You are viewing a plain text version of this content. The canonical link for it is here.
Posted to java-user@lucene.apache.org by fujian <fu...@nokia.com> on 2010/06/09 17:35:58 UTC

sort field should not be tokenized?


Hello,

I'm using Lucene 2.9 and when reading java doc for the Sort class I noticed
it says "The field must be indexed, but should not be tokenized".

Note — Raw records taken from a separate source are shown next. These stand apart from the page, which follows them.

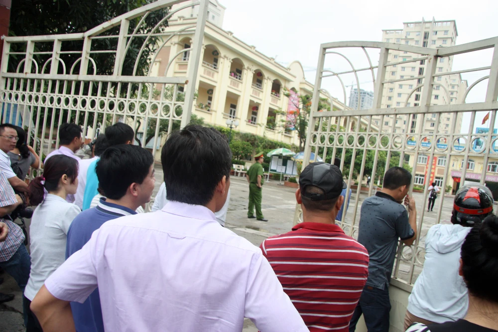 Rất đông phụ huynh tập trung ở cổng trường chờ đón con em mình.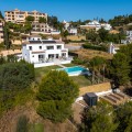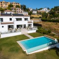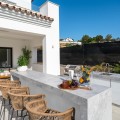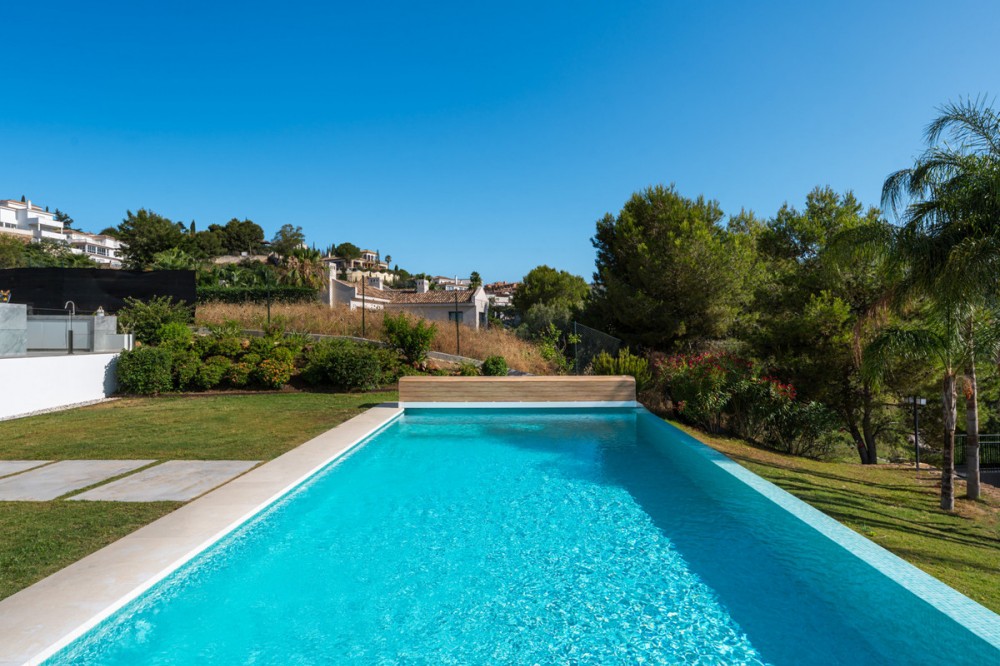 - Positioned within the prestigious Santa Maria Golf urbanization in Elviria, Villa Andrea is an extraordinary frontline golf villa for sale in Marbella offering contemporary luxury, seamless design, and a highly desirable setting. Built in 2021 on a generous plot of 1,743 square meters, the villa boasts 902 square meters built including 264m2 of terraces offering an expansive indoor-outdoor living experience tailored for both leisure and lifestyle. Spread across three levels served by a lift and a wide staircase, the villa is thoughtfully laid out to balance elegance with practicality. It features five spacious en-suite bedrooms (3 of them are in the same level). The design embraces refined materials such as ceramic stone and warm wood finishes, brought together under a sleek architectural vision. High-end details including Miele appliances, solar panels, electric blinds, and an automatic irrigation system underline the home’s intelligent, sustainable engineering. Each floor flows effortlessly to the next, with expansive terraces accessible from all bedrooms and common areas. Outdoor spaces include a covered swimming pool, private barbecue zone, and a sauna—ideal for entertaining, family life, or quiet relaxation. Panoramic views over the Santa Maria Golf course and out to the Mediterranean Sea reinforce the villa's prime positioning and tranquil atmosphere. Security and functionality go hand in hand. Villa Andrea is fitted with security shutters, a comprehensive alarm system, and private gated access. A large basement area includes a three-car garage and a storeroom—perfect for storing golf equipment or seasonal belongings—while additional outdoor parking ensures practicality for everyday living or entertaining. The villa’s location in the sought-after Elviria district places it just a five-minute drive from Carrefour supermarket and essential shops, while the golden sands and vibrant atmosphere of Nikki Beach are less than ten minutes away. Families will value the proximity to international schools such as the German International College, reachable within a few minutes by car. As part of the Santa Maria Golf Community, Villa Andrea enjoys direct access to Santa Maria Golf & Country Club’s acclaimed 18-hole course, as well as its driving range and putting green. The surrounding neighborhood features upscale villas and low-density residences, offering tranquility, scenic golf views, and a well-maintained environment. Dining, sport, and leisure options are abundant. Gastronomic highlights include El Lago Restaurant at Greenlife Golf, a Michelin-starred culinary destination, and beachfront restaurants such as Playa de la Fontanilla and Chiringuito Los Tony's. For world-class dining and entertainment, Puerto Banús is a short drive away with venues like La Sala offering international menus and a lively social scene. Luxury shopping is within easy reach, with La Cañada Shopping Center and the designer boutiques of Puerto Banús and Marbella Old Town providing extensive retail options. The villa’s connectivity is another key advantage, with the A-7 motorway offering a direct 40-minute route to Málaga-Costa del Sol Airport. Public transport links, including bus services, further support regional and local accessibility. Tennis and padel courts, fitness centers, and beach clubs add further lifestyle value, along with Elviria’s scenic surroundings ideal for walking, cycling, or unwinding outdoors. The area's refined yet relaxed character appeals to permanent residents, holiday homeowners, and investors alike. Villa Andrea represents a rare opportunity to acquire a fully modernized, frontline golf villa with large built dimensions, generous terraces, and one of the most enviable plots in Elviria. Its seamless blend of contemporary architecture, top-tier amenities, and coastal golfside location make it a standout choice for those seeking space, sophistication, and superior quality on the Costa del Sol.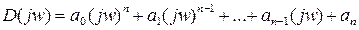 Подставим в характеристический полином вместо переменного p чисто мнимый корень, который в дальнейшем будем обозначать jw. Тогда получим функцию комплексного переменного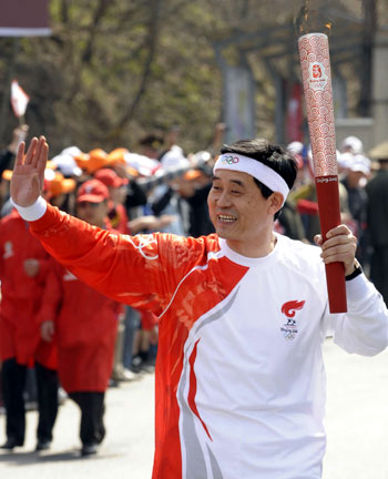 Chinese Bo Juliang (front), holding Beijing Olympic torch, waves to spectors during the torch relay in Almaty, Kazakhstan, April 2, 2008. Almaty is the first stop of the global relay which will also cover 21 cities outside Chinese mainland from April 1 to May 3. [Xinhua]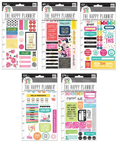 Create 365 Happy Planner Stickers Bundle - Happy Brights, TGIF, Make It Happen, Get Paid and Happy Life - 5 Items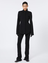 New slim-fit trousers in soft stretch viscose. The slightly low waist and zip at the hem create a feminine style with an elongated line thanks to the trouser creases on the leg. - Stretch viscose trousers - Fitted - Internal button and zip fastening - Slightly low waist - Concealed zip at the hem - Regular fit Composition and Care 72% viscose, 28% polyester. Hand wash cold (40°c max); do not bleach; do not tumble dry; flat drying in the shade; cool iron; professionally dry clean perchloroethylene - mild process; do not wet clean.; iron with a cloth between.; using neutral detergent. Distributed by Max Mara S.r.l., registered office in Reggio Emilia (Italy), Via Giulia Maramotti 4, 42124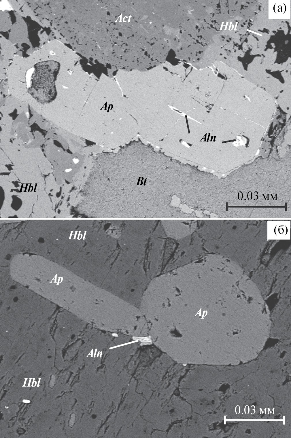 Одним из признаков перекристаллизации апатита является наличие в нем включений РЗЭ-содержащих минералов – монацита, ксенотима, алланита, образование которых можно связать с высвобождением РЗЭ в собственную фазу в ходе метасоматоза или метаморфизма (Harlov, 2015). Присутствие включений алланита в зернах апатита или на границах зерен апатита с другими минералами в породах массива Велимяки может дополнительно свидетельствовать о новообразованном характере апатитовой минерализации (рис. 9).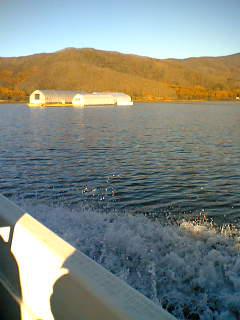 湖面に のんびりと浮かぶ わかさぎ釣りの屋形船です。

But I tried to sort on a tokenized field, it works too. Just wondering
what's the difference between tokenized and untokenized in terms of sort?
Why in javadoc and "Lucene in Action" they all mention that the sort field
should not be tokenzied?

Thanks,
-Fujian


-- 
View this message in context: http://lucene.472066.n3.nabble.com/sort-field-should-not-be-tokenized-tp882569p882569.html
Sent from the Lucene - Java Users mailing list archive at Nabble.com.

---------------------------------------------------------------------
To unsubscribe, e-mail: java-user-unsubscribe@lucene.apache.org
For additional commands, e-mail: java-user-help@lucene.apache.org


Re: sort field should not be tokenized?

Posted by fujian <fu...@nokia.com>.

Thanks Eric for the detailed explanation. Now I understand what Ian means.

-Fujian
-- 
View this message in context: http://lucene.472066.n3.nabble.com/sort-field-should-not-be-tokenized-tp882569p884107.html
Sent from the Lucene - Java Users mailing list archive at Nabble.com.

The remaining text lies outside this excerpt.